Recorded information below:
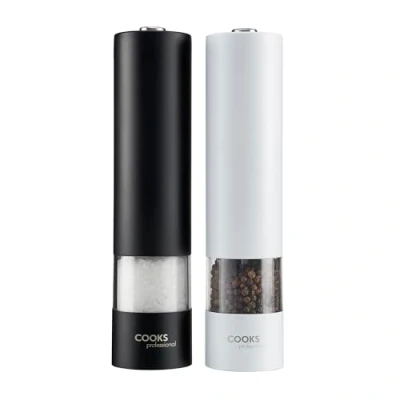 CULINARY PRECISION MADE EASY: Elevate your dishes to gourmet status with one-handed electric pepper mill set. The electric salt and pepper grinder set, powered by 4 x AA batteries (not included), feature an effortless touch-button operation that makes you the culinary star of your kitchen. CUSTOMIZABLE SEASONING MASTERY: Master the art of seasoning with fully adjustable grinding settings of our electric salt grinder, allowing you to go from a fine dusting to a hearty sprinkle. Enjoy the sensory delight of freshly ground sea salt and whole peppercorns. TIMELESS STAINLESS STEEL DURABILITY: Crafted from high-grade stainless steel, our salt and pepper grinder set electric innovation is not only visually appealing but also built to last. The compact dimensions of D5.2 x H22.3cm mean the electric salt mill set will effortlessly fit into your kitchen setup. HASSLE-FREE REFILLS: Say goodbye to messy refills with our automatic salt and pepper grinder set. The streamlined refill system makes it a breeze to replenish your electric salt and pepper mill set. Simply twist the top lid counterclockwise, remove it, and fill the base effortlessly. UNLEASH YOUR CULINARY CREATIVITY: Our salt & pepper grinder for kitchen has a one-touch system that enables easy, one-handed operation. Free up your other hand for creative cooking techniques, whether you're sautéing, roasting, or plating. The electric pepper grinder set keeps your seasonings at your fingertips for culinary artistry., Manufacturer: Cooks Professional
End of Recorded information.
Recorded information below:
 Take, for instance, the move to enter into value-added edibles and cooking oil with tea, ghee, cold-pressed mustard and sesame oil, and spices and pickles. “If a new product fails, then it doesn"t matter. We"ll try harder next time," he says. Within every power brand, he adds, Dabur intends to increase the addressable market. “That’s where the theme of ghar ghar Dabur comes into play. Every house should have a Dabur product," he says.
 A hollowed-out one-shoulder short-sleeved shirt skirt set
End of Recorded information.
• [Problem statement]
Quote the data above from the line containing "Take, for instance, the" to the line containing "A hollowed-out one-shoulder", inclusive, and stop.

• [Result]
 Take, for instance, the move to enter into value-added edibles and cooking oil with tea, ghee, cold-pressed mustard and sesame oil, and spices and pickles. “If a new product fails, then it doesn"t matter. We"ll try harder next time," he says. Within every power brand, he adds, Dabur intends to increase the addressable market. “That’s where the theme of ghar ghar Dabur comes into play. Every house should have a Dabur product," he says.
 A hollowed-out one-shoulder short-sleeved shirt skirt set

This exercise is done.